Eldercare in Cameroon: attendance of a proximity hospital in Yaoundé.

Author(s) Jossy Eyenga-Oli1, Armelle-Lucrèce Ngougni-Kana2, Marcel Azabji-Kenfack3, Eddie-Karistan Lakoudjeu 4, Nkodo Mendimi 5
Affiliation(s) 1Direction, Hôpital de District de la Cité Verte, Yaoundé, Cameroon, 2DESSAF, DESSAF, Yaoundé, Cameroon, 3Department of Physiological Sciences, Faculty of MEdicine and Biomedical Sciences, Yaoundé, Cameroon, 4Social Affairs, DESSAF, Yaounde, Cameroon, 5Direction, Hôpital de district de la Cité Verte, Yaoundé, Cameroon.
Country - ies of focus Cameroon
Relevant to the conference tracks Health Systems
Summary Cameroon is entering a demographic transition era, as elsewhere in Subsaharan Africa, with more old persons in proportion to the general population. But, our hospitals are not prepared for elderly care in terms of attendance, since there are no baseline data. This study examined the attendance of a proximity district urban hospital, and gives the basic statistics of hypertension, diabetes and elderly admission in a 3-months period. We underlined the neccessity of planning a policy in terms of capacity building for elderly.
Background In recent years, several studies have reported that African countries are facing an era of demographic transition, with a marked increase in the proportion of elderly people. In Cameroon, recent statistics reported approximately 6% of older people in the general population.

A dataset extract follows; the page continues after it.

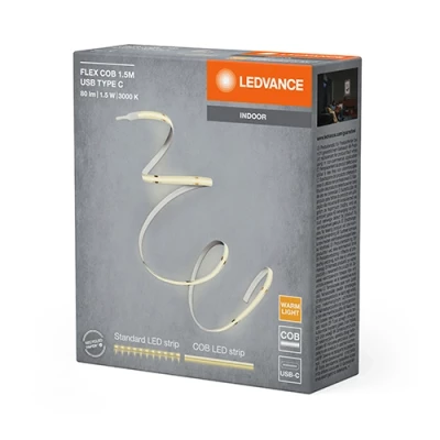 LED COB lente USB Type С, 1.5m, 1.5W, 3000K, IP20 LEDVANCE / 20-8082 / LED Lente / 3000К - silti balta / IP20 / COB Lente

Because our health services are not fully prepared specifically for the care of the elderly, it is essential to establish a statistical observatory hospital attendance by the elderly. This is in order to build better care policies for this population group. For this purpose, we have conducted this pilot study to provide baseline data in terms of attendance.
Objectives To describe the attendance and basic epidemiological patterns of elderly patients (≥60 years old) admitted to outpatient departments during a 3-months period, monitoring routine activities related to chronic health problems, hypertension and diabetes mellitus.
Methodology It was a cross sectional retrospective study conducted from June to August 2012. Data were collected from medical records, including age, sex, social status, medical history and type of treatment. Incomplete records were excluded from the study. Ageing was defined as follows: Group-A= “Younger patients”, aged 65 years. Statistical analysis was performed using MS Excel 2003.
Results At the outpatients department, we recruited consecutively from the registers a total of 1714 patients during the study period. The mean age of the whole attendance in adult consultations diabetes/hypertension unit was 39.5 years (21-87 years) and the sex ratio (male:female) of 1.08. We recorded 47,8%, 30,7% and 21,5% respectively for Group-A, Group-B and Group-C. Among them, 447 were definitely admitted for Diabetes and 171 for complicated hypertension. The diabetic patients were divided into 18,3% for Group-A, 48,3% in Group-B and 33,3% in Group-C. Hypertension patients were divided into 31,0% for Group-A, 41,5% in Group-B, and 27,5% in Group-C. The main comorbidities associated were chronic kidney disease (25.4% of the total attendance) and chronic heart disease (15,3%).
Conclusion These data show that, both in the outpatient department and admission wards, the proportion of older people varies between 20% and 45% of our health care activities, which is huge compared to the proportion of 6% the age in Cameroon. This pioneer work is an urgent plea to establish a more detailed preliminary for a plan that is dedicated to elderly care in district hospitals statistical observatory. A phase of capacity building of staff in aged care is also a conducive form of retraining.